_TASK DESCRIPTION_
All lines in the records below from the line with "2、进入角儿风采页面后,挑选你感兴趣的越剧演员,例如【郑全-演员名称】。" through the line with "Green Cotton Detailed Straight Kurta" are to be given again exactly, both ends included; the pictures are to be left out.

_GIVEN INFORMATION_
========================================
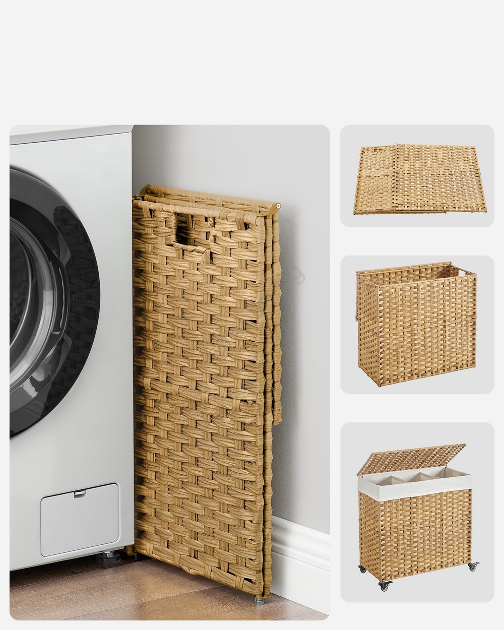 • Внимателно изработеният, ръчно тъкан кош за пране от синтетичен ратан е незаменим детайл за скриване на мръсното пране и поддържане на перфектен ред във вашия дом.
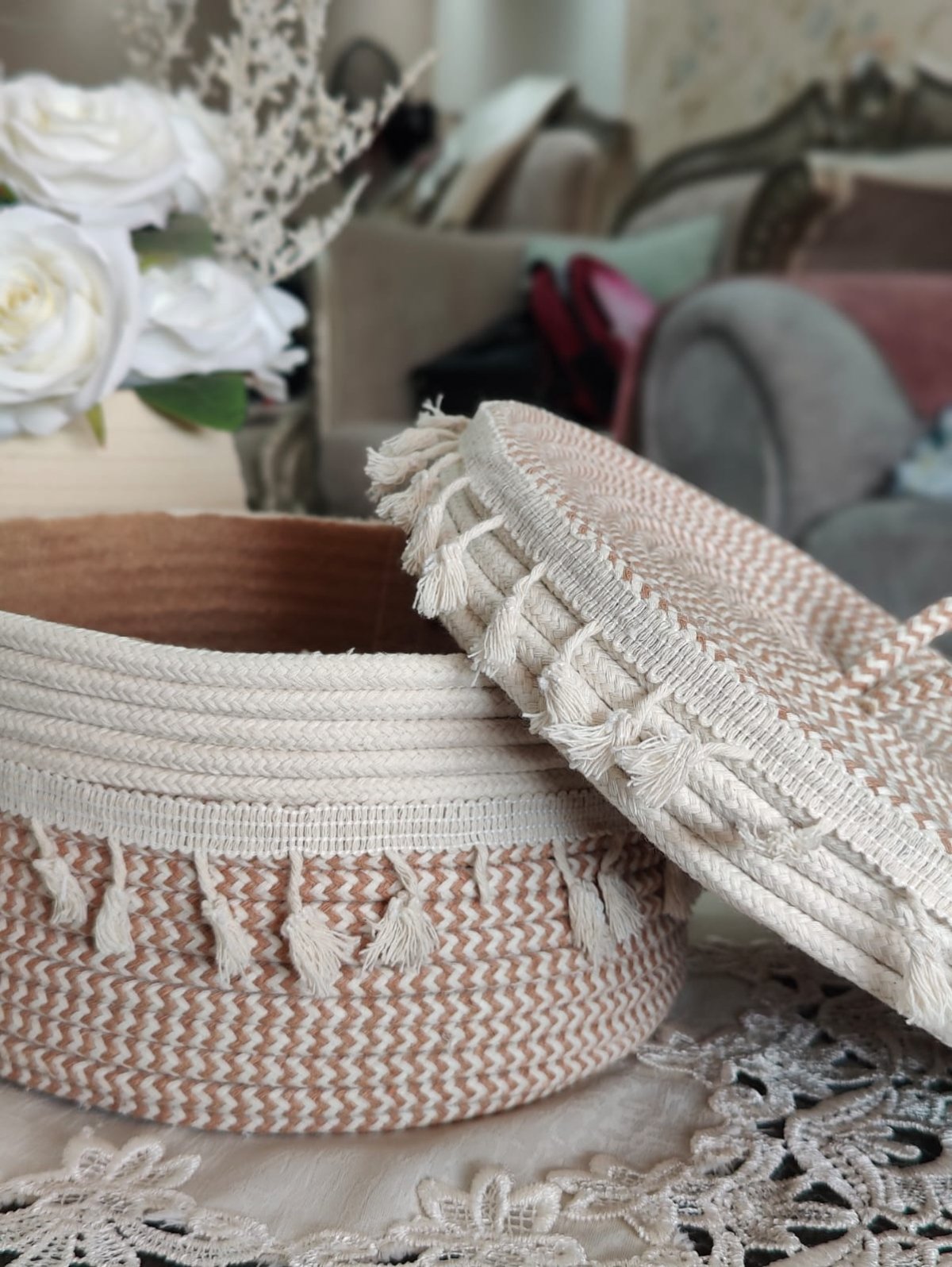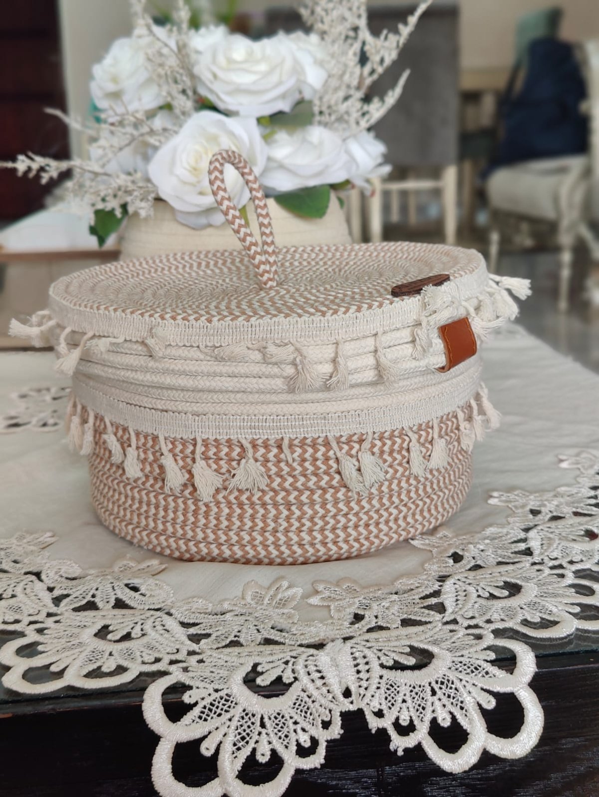منظّم عملي وأنيق مزوّد بغطاء يحافظ على محتوياتك نظيفة ومرتبة. مصنوع يدويًا من خامات متينة وطبيعية، ومثالي لتنظيم أدوات التجميل، الإكسسوارات، الملابس الداخلية، أدوات الخياطة، أو حتى المستلزمات المكتبية. تصميمه البسيط والأنيق يجعله مناسبًا لأي مساحة سواء في غرفة النوم أو الحمام أو المكتب. قابل للحمل وسهل التخزين، ليمنحكِ ترتيبًا مثاليًا بلمسة ديكور راقية.
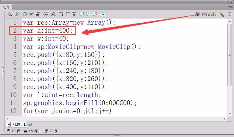 3、定義一個整型變量h,用來保存舞臺的高度,值為400。
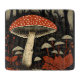 Woodcut print of a red toadstool mushroom. Also know as Amanita Muscaria and Fly Agaric.
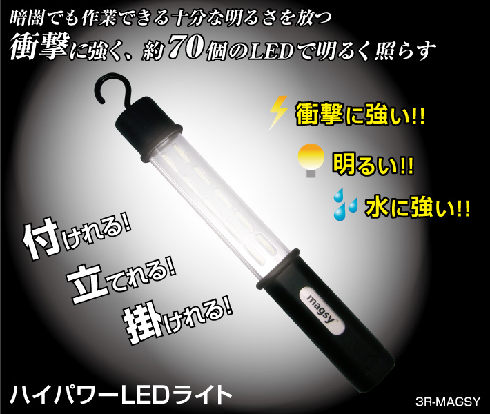 堅いアスファルトに落としたり、強くぶつけた場合にも破損しにくく衝撃に強い高い耐久性のハイパワーLEDライト! 破損しにくいので、工事現場や工場作業、アウトドアでも気にせ...
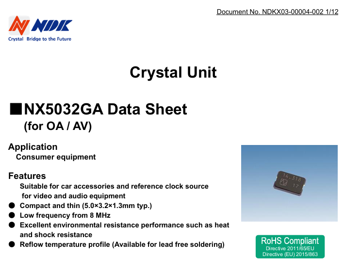 更多>>日本NDK晶振NX5032GA-8.000M-STD-CSU-1 5032 8M寬溫晶振
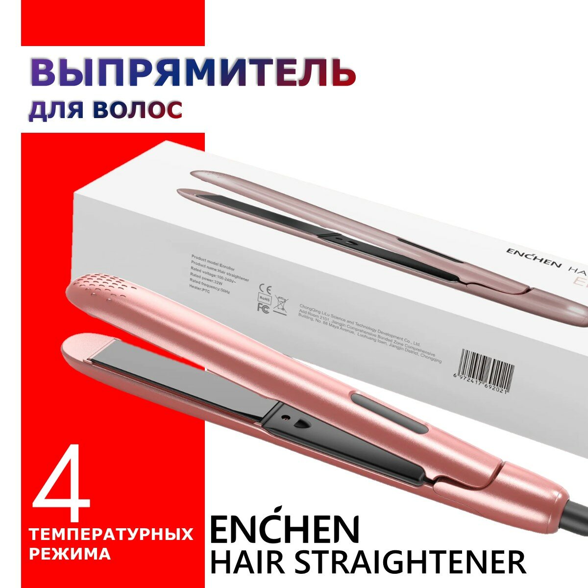 Выпрямитель Enchen Enrollor Hair curling, 32 Вт, керамическое покрытие, до 200 C, розовый Enchen 96 .
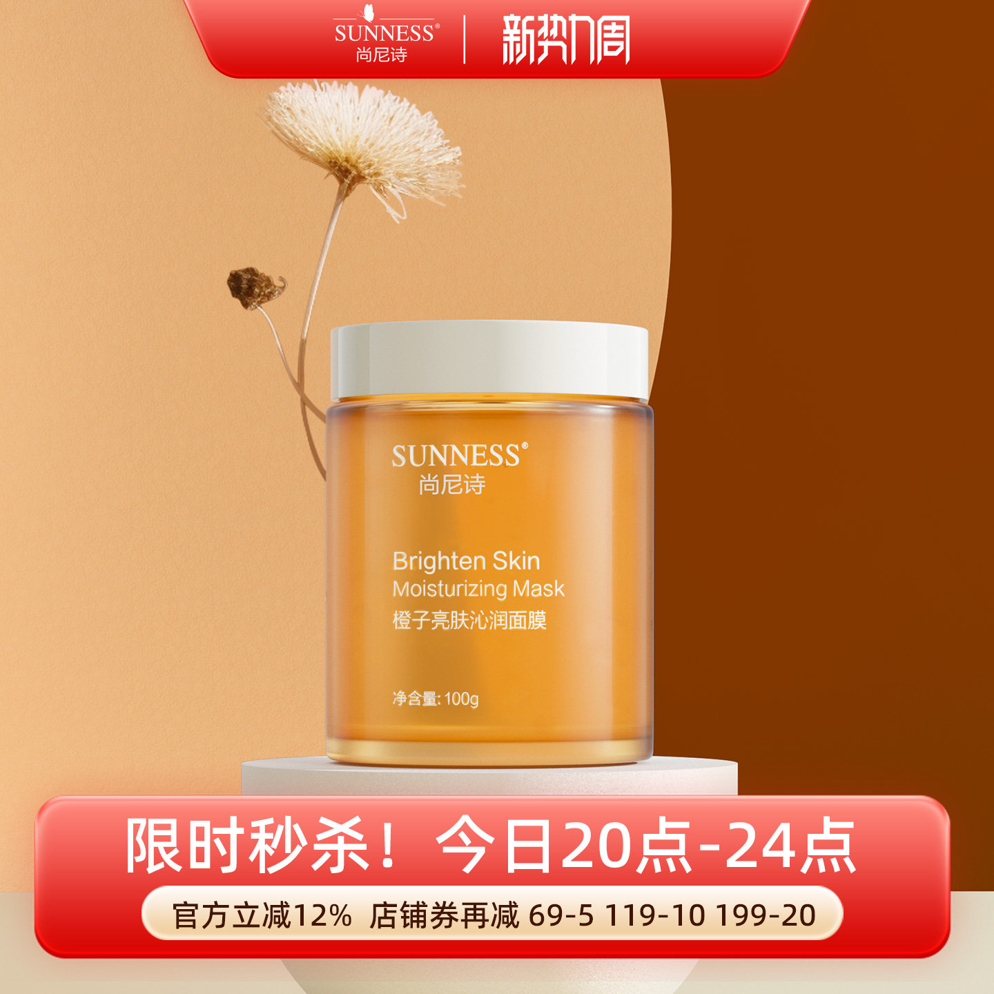 尚尼诗橙子面膜保湿补水提亮肤色祛黄收缩毛孔涂抹清洁养护熬夜肌
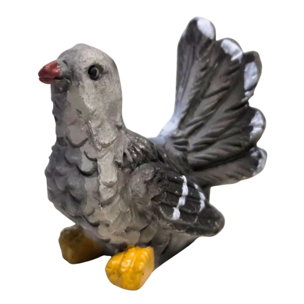 Colomba decorativa realizzata in resina, adatta a presepi con statue da 15–20 cm. La figura è modellata con attenzione ai dettagli del piumaggio, con ali leggermente aperte e coda spiegata, che conferiscono naturalezza e senso di movimento. Le tonalità grigio perlate, abbinate al becco e alle zampe, donano un aspetto realistico ed equilibrato. Ideale per arricchire scene di villaggio, cortili, tetti o ambientazioni simboliche, rappresenta un elemento decorativo semplice ma significativo all’interno del presepe.
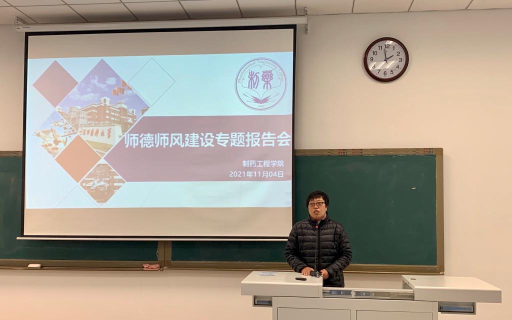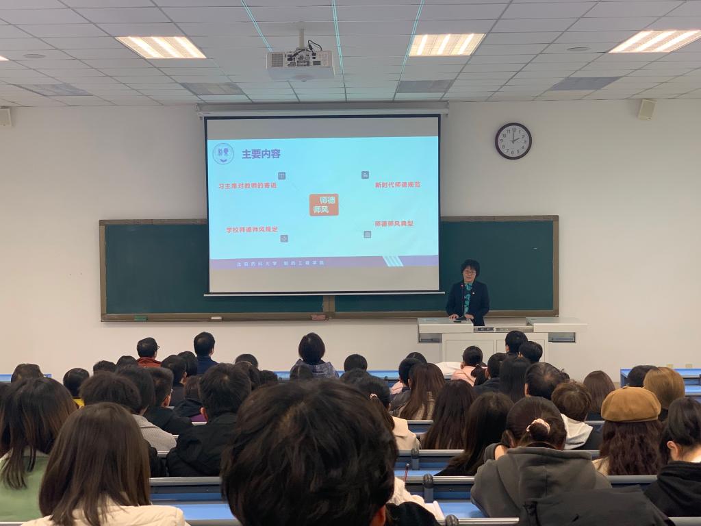 为深入推进学院新时代师德师风建设工作,着力培养政治素质过硬、业务能力精湛、育人水平高超的教师队伍,金年会jinnianhuicom于11月4日在南校区播馨楼104教室召开师德师风建设专题报告会,邀请辽宁省教学名师、制药工程与环境科学系主任侯晓虹教授作专题讲座。院领导班子成员、学院教师参加了会议,报告会由院党委书记李哲主持。
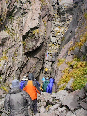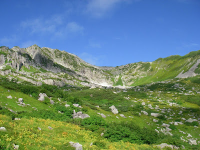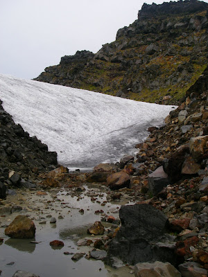 「もう秋になるというのにところどころ雪渓もまーだ残ってます。」
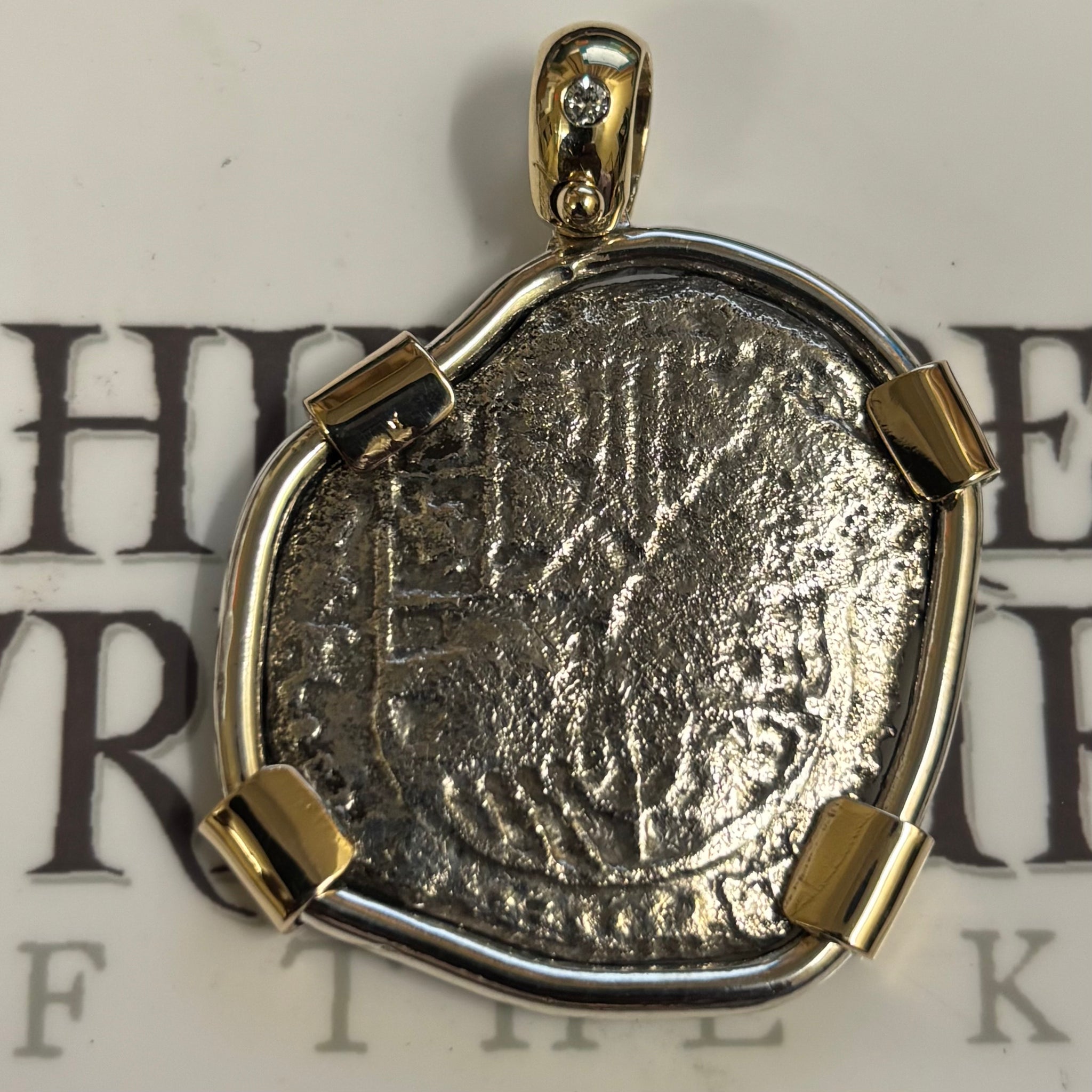 Denomination: 8 Reales Grade: Grade (Three) 3 Mint: Mexico Assayer: Not Visible Reign: King Philip III Weight: 17.60 gm Date: Not Visible Mount: 14K Gold with diamond...
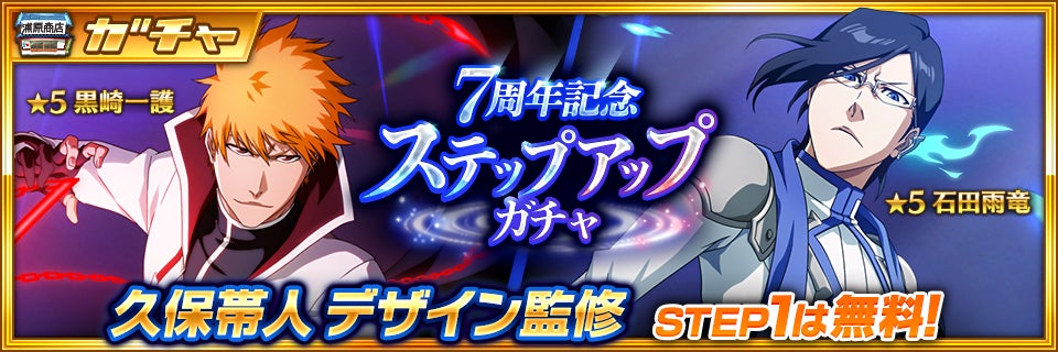久保帯人デザイン監修キャラクター黒崎一護(7周年記念ver.)と石田雨竜(7周年記念ver.)が登場するステップアップガチャを開催!
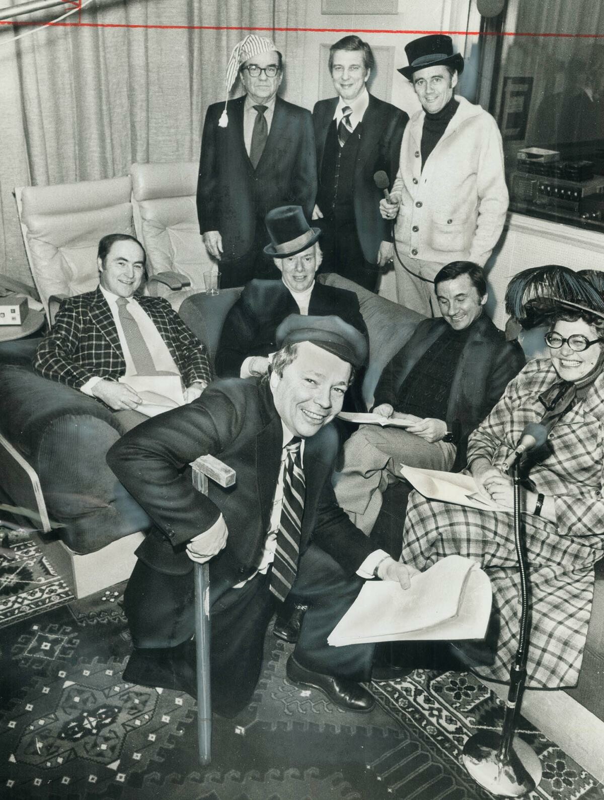 It was a star-studded cast for A Christmas Carol in 1975. Playing various parts in the television movie were hockey legend Red Kelly (left), Toronto Mayor David Crombie (with cane), Pierre Berton (with top hat), former MLA Juudy LaMarsh & newscaster Lloyd Robertson (Centre)
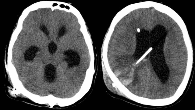 原以为李刚做完脑肿瘤手术后,情况应该会日渐好转,没想到出院10天后,他就出现头痛、呕吐、小便失禁、意识模糊,父母急忙将他送到医院,大脑CT检查提示“脑积水”,2019年1月11日,李刚又接受了脑室腹腔分流手术。手术后复查大脑CT发现分流管穿刺道“颅内出血”,意识状态刚刚有所好转的李刚2天后病情又出现恶化,陷入了昏迷,接着停止了呼吸。医生紧急抢救,穿刺分流管储液阀,抽出血性脑脊液约90ml,李刚自主呼吸逐渐恢复,第二天医生又为李刚做了右侧脑室穿刺置管引流,同时抗感染治疗。
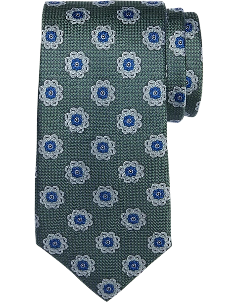 This fine silk tie by Joseph About features a contemporary medallion motif for a traditional touch with a modern update.
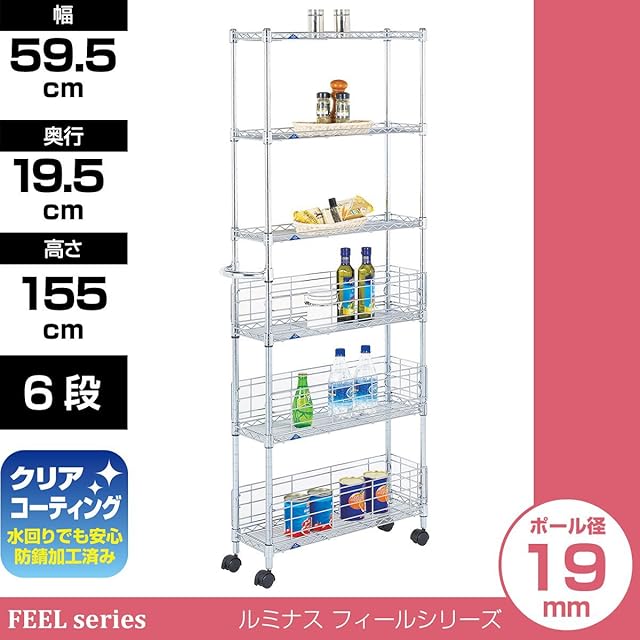 商品名:ドウシシャ ルミナス フィール キッチンラック ワゴン スチールラック 隙間収納 収納棚 幅20 6段 サビに強い 防錆加工 組立簡単 キャスター付き 耐荷重80kg (棚板1枚) ポール径19mm 幅19.5×奥行59.5×高さ155cm MD2015-6W
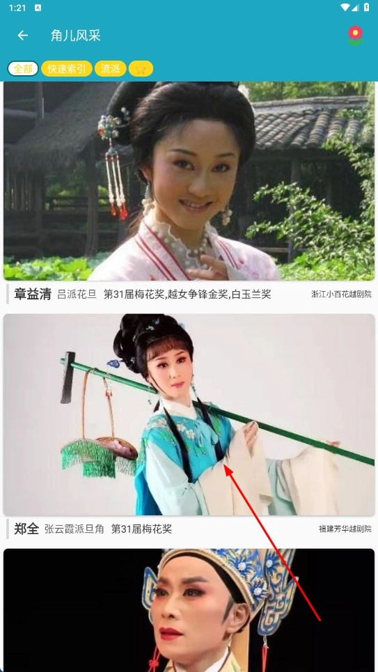 2、进入角儿风采页面后,挑选你感兴趣的越剧演员,例如【郑全-演员名称】。
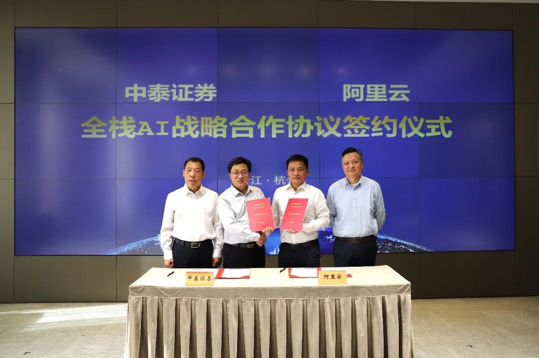 1月16日,中泰证券与阿里云计算有限公司(以下称“阿里云”)全栈AI战略合作签约仪式在杭州举行。双方将携手构建多层次、全方位、长期性的战略合作伙伴关系,共同探索金融科技新范式,树立证券行业与互联网生态协同发展的新标杆。
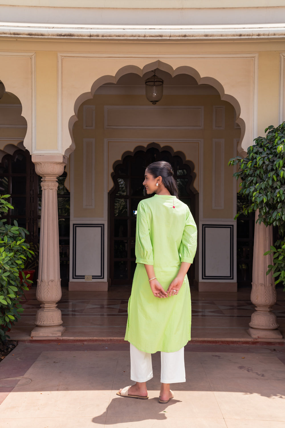 Green Cotton Detailed Straight Kurta
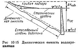 До сих пор принималось, что поверхность воды в водохранилище по всей его длине устанавливается горизонтально, образуя так называемый его статический объем. Очевидно, это может быть лишь в том случае, когда приточность в водохранилище отсутствует. Так как в действительности в водохранилище вceгда имеется приток воды, то, строго говоря, поверхность воды по его длине не будет горизонтальной. Это особенно относится к его «хвостовой части», где кривая свободной поверхности воды представляет собой кривую подпора, характеризующую изменение уровня поверхности воды по длине водотока Образовавшимся объем называется динамическим объемом водохранилища (рис 10 15). Величина его определяется к основном значением расхода приточности и во время половодий может быть весьма значительной.
========================================
_YOUR RESPONSE_
 2、进入角儿风采页面后,挑选你感兴趣的越剧演员,例如【郑全-演员名称】。
 1月16日,中泰证券与阿里云计算有限公司(以下称“阿里云”)全栈AI战略合作签约仪式在杭州举行。双方将携手构建多层次、全方位、长期性的战略合作伙伴关系,共同探索金融科技新范式,树立证券行业与互联网生态协同发展的新标杆。
 Green Cotton Detailed Straight Kurta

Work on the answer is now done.